田舎の平日昼間はテレショップばっかだな!(↑の続き)

 見慣れない女優の恋愛ドラマが放送されていた。

 未亡人と大学生の恋。忘れられない男性と真っ直ぐな眩しい熱に押され、葛藤する…彼女は決まって年齢を理由に青年の愛を否定する。

 だが、最後には受け入れて2人は結ばれた。

 彼女、何歳だと思います?なんと、42歳!

 若さの秘訣は、このコラーゲン黒酢…。


***


 またもや、平日に休みが降って来た。それなりに寝坊して用事を済ませると、やっぱり昼過ぎに暇になる。
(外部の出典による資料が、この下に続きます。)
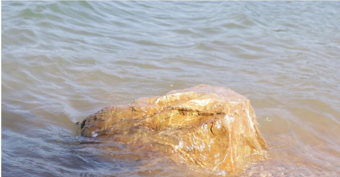
Stillframe de Tempestade Criativa, ilustrativo do plano que se repete, juntando os símbolos água e pedra

 何気なくテレビの電源を入れると、見慣れない女優の恋愛ドラマが放送されていた。


『友子さん……好きなんです!』

『やめてよ。こんなおばさんを』


 この女優さん、見たことあるようなないような?

 どうやら、未亡人と若い大学生との恋愛ドラマのようだ。

 未亡人は亡くなった夫のことが忘れられず、大学生の告白を断り続ける。しかし、大学生は未亡人に夢中だ。

 未亡人はまだ若いだろうに。夫など忘れて新しい恋をしてもおかしくない美女だ。


『僕は諦めません。必ず、どんなに時間が経っても、友子さんを振り向かせてみせます』

『……私、どうすれば。あなたは、許してくれる? あなたを愛しているのに私、彼に恋してる』


 忘れられない男性がいるのに、若い大学生の真っ直ぐな眩しい熱に押されて葛藤に悩む。未亡人は決まって、年齢を理由に大学生の愛を拒絶するが、逆に言えば拒絶する要因が年齢しかないように見えた。

 もっと若い女の子と恋愛をしなさい。でなければ、愛する人に置いて行かれるわよ……そう語った彼女が持つ亡き夫の遺影は、彼女よりも随分と年長者と見受けられる。

 彼女は、年上の男性に恋をして置いて行かれたのだろうか?


『……良いの? 私、きっと君より先に死んじゃうよ』

『それまで、俺は友子さんを精一杯愛します。みんな必ず死ぬんですよ! いつ来る分からないその時よりも、今を大切にしてください!』


 未亡人は、大学生の腕に飛び込んだ。最後の最後に、2人は結ばれたのだ。

 つい見入ってしまった。ティッシュを手繰り寄せて鼻水を拭う。

 連ドラの再放送だろうか?


『新しい恋に走り出した友子さん。彼女、何歳だと思います? なんと、42歳! お相手とは20歳以上も離れているんです。彼女の若さの秘訣は、このコラーゲン黒酢……』


 無言でテレビを消した。新聞のテレビ欄を確認すると、やっぱりこの時間帯はテレビショッピングを放送中だった。